** DATA EXTRACTS **

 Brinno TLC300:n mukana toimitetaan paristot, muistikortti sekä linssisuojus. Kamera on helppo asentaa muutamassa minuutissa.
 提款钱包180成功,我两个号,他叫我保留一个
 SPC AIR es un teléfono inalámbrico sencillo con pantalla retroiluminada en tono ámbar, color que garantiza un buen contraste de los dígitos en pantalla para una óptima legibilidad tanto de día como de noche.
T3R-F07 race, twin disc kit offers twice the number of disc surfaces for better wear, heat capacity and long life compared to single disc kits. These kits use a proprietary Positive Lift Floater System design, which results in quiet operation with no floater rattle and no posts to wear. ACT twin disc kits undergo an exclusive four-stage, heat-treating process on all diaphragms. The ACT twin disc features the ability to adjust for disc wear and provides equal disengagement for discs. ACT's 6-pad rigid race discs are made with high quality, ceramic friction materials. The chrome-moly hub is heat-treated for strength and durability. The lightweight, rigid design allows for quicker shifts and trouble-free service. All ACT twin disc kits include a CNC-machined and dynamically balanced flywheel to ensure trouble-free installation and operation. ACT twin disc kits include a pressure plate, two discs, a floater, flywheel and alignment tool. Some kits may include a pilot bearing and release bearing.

...

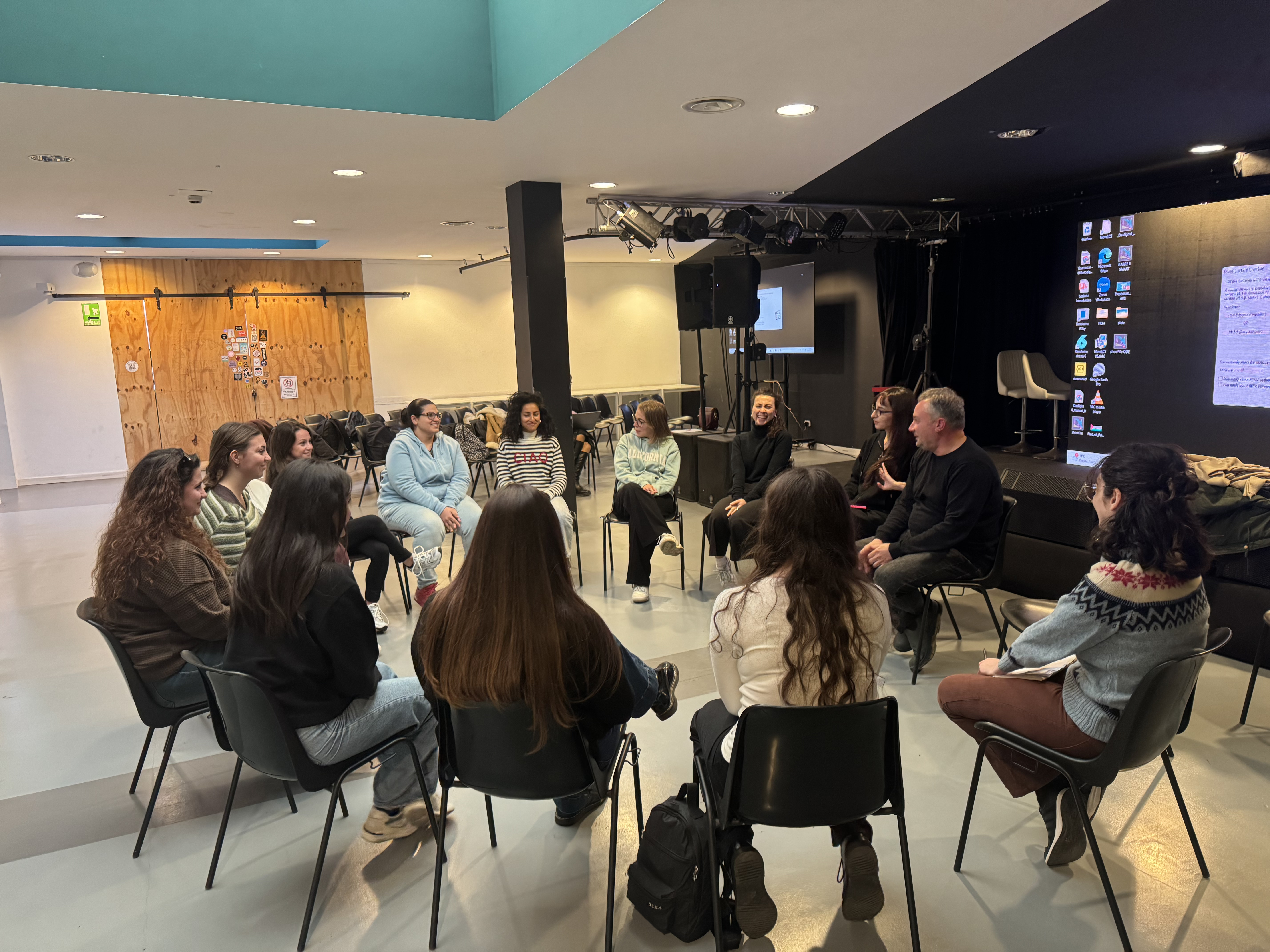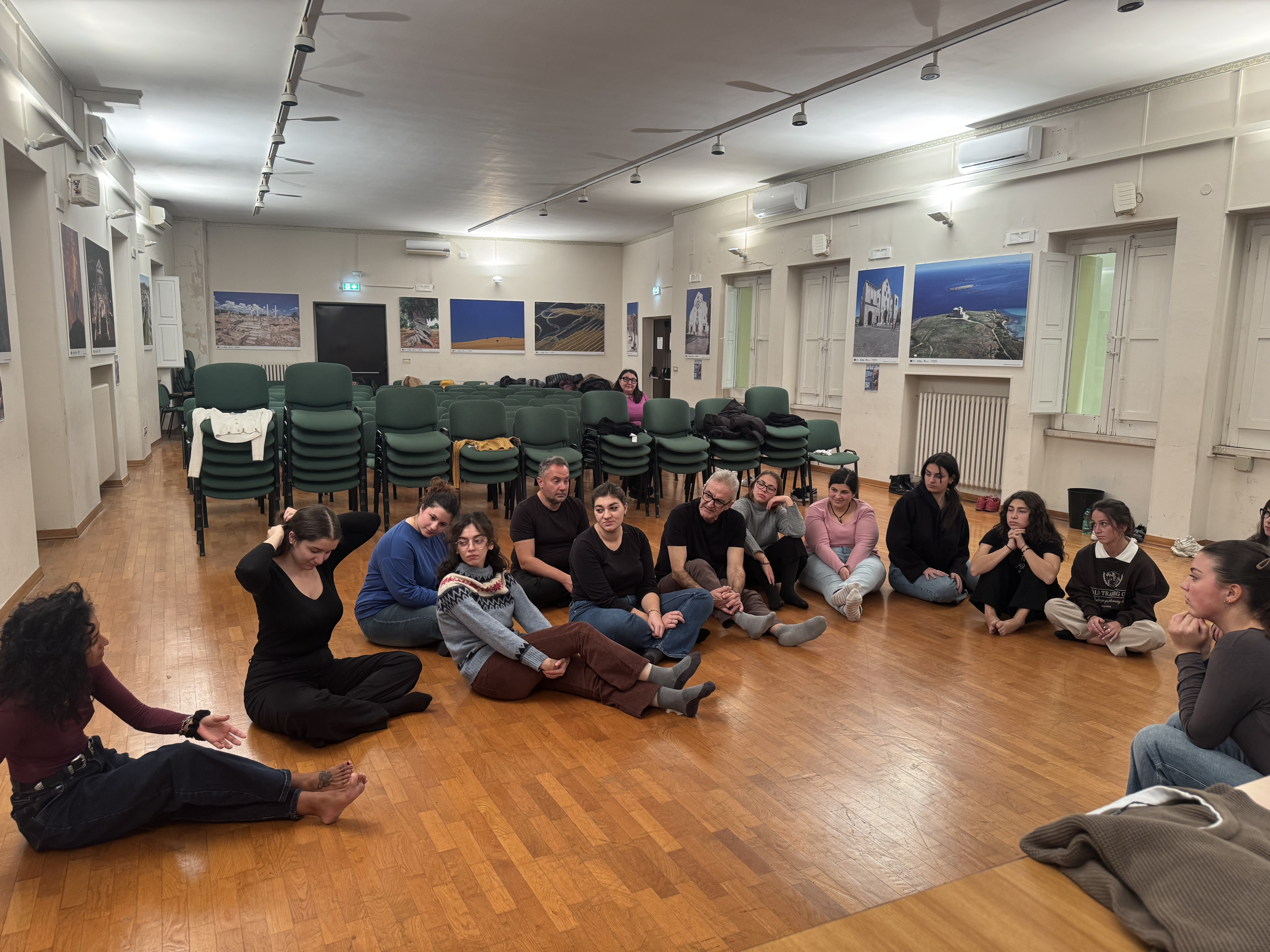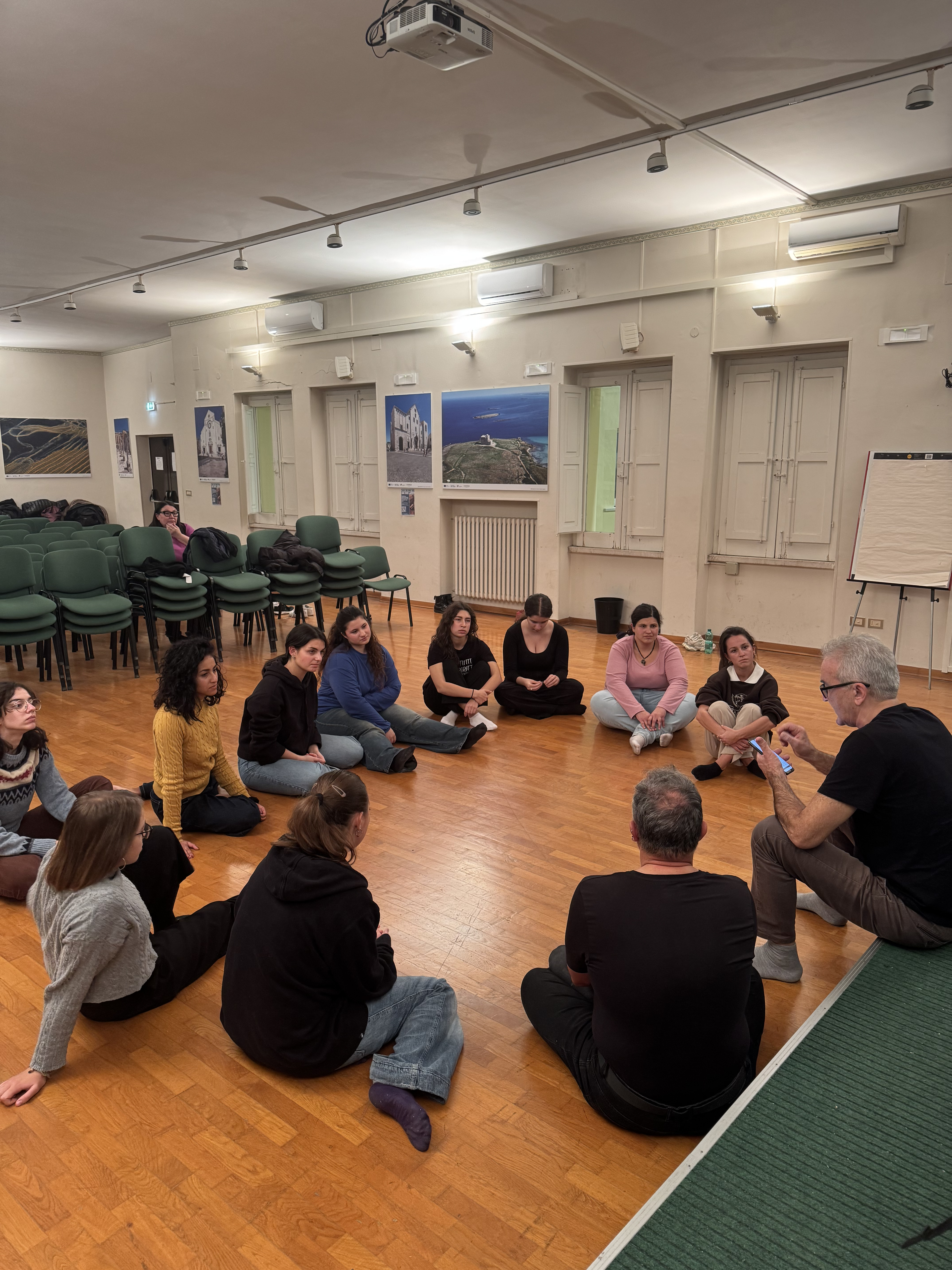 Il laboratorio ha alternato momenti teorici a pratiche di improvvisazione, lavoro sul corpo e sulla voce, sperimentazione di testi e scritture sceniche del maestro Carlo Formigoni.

** WHAT TO DO **
Using the entries above, output exactly the lines between the line holding "SPC AIR es un" and the line holding "T3R-F07 race, twin", end lines included, and nothing more.

** SOLUTION TO THE EXERCISE **
 SPC AIR es un teléfono inalámbrico sencillo con pantalla retroiluminada en tono ámbar, color que garantiza un buen contraste de los dígitos en pantalla para una óptima legibilidad tanto de día como de noche.
T3R-F07 race, twin disc kit offers twice the number of disc surfaces for better wear, heat capacity and long life compared to single disc kits. These kits use a proprietary Positive Lift Floater System design, which results in quiet operation with no floater rattle and no posts to wear. ACT twin disc kits undergo an exclusive four-stage, heat-treating process on all diaphragms. The ACT twin disc features the ability to adjust for disc wear and provides equal disengagement for discs. ACT's 6-pad rigid race discs are made with high quality, ceramic friction materials. The chrome-moly hub is heat-treated for strength and durability. The lightweight, rigid design allows for quicker shifts and trouble-free service. All ACT twin disc kits include a CNC-machined and dynamically balanced flywheel to ensure trouble-free installation and operation. ACT twin disc kits include a pressure plate, two discs, a floater, flywheel and alignment tool. Some kits may include a pilot bearing and release bearing.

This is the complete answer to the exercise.